Last summer I had my 1914 T on blocks and started it up to let it run for a while. It ran for about 5 min. and the exhaust got cheery red and it slowly died. I think that I have my fuel mixture set too lean and wondered if there is a rule of thumb as where to set it. I have always had to adjust the gas mixture after it starts. I set it too rich and then adjust it to where it sounds right after I advance the timing. It has been running hot on me at slow speeds in the past. I thought this may be the problem. Any thoughts?

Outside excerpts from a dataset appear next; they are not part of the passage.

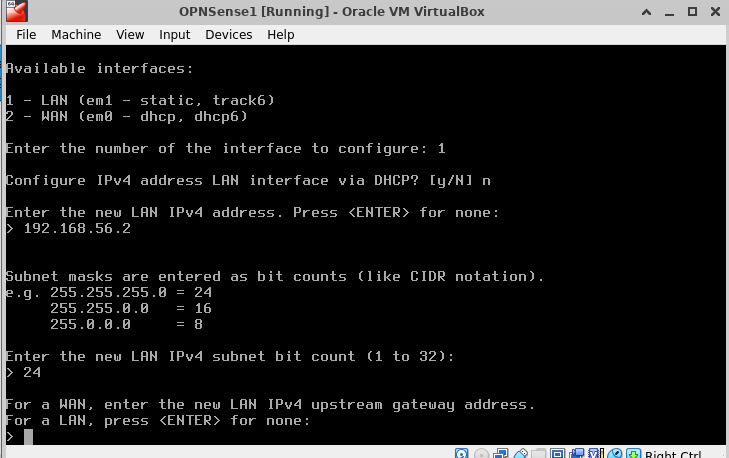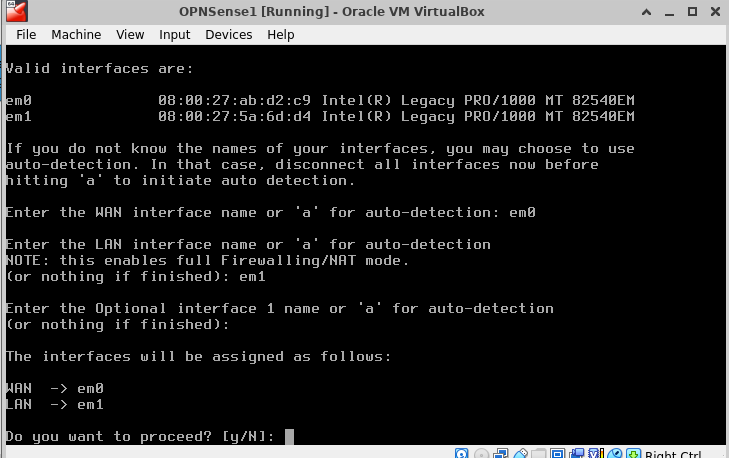 | WAN | em1 | 08:00:27:5a:6d:d4 | vboxnet0 |
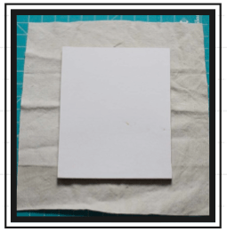 Lay cork/matboard piece on top of the wrong side (if there is a wrong side) of fabric remnant. Trim fabric to
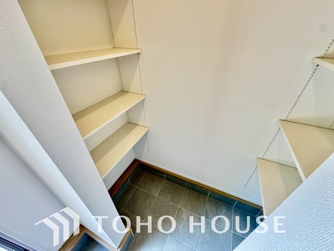 人を迎え入れる最初の場所だからこそ、清潔感が大事。ゆとりあるシューズインクロークも設置しました。
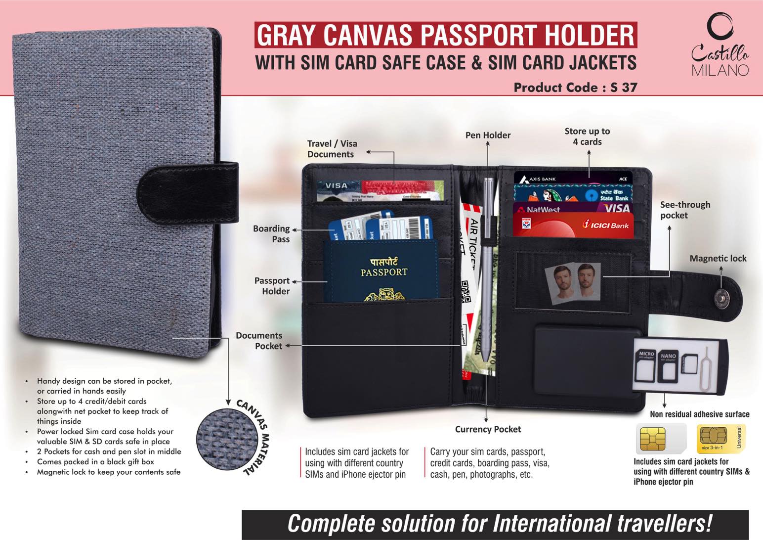 Gray Canvas Passport holder with Sim Card Safe Case and Sim Card Jackets

Its real easy to misadjust your gas while the car is sitting still in the shop. Take your car on a LONG SLIGHT DOWNHILL. Lean your gas until is starts to miss the turn it back a LITTLE. The reason you want to be going down a long slight hill is when it starts running rough you can still keep the motor running until you richen the gas back up. Try it its simple.
On blocks is quite simple. Before starting set the mixture on a 'NH' or 'G' to fully closed and open 1 1/2 turns. Then start the car and get it hot. Running the motor at a fast idle, retard the timing and then lean the mixture off until she starts to miss a little. At that point richen back up a shade. Advance the timing and it should be correct.
When I was younger, I always used to richen up the mixture for starting a tad, but since then I have learned to just leave the adjustment alone. The only time I adjust it now, is when I'm at high altitudes.
Consider checking the timing. Retarded timing is often the cause of a red exhaust.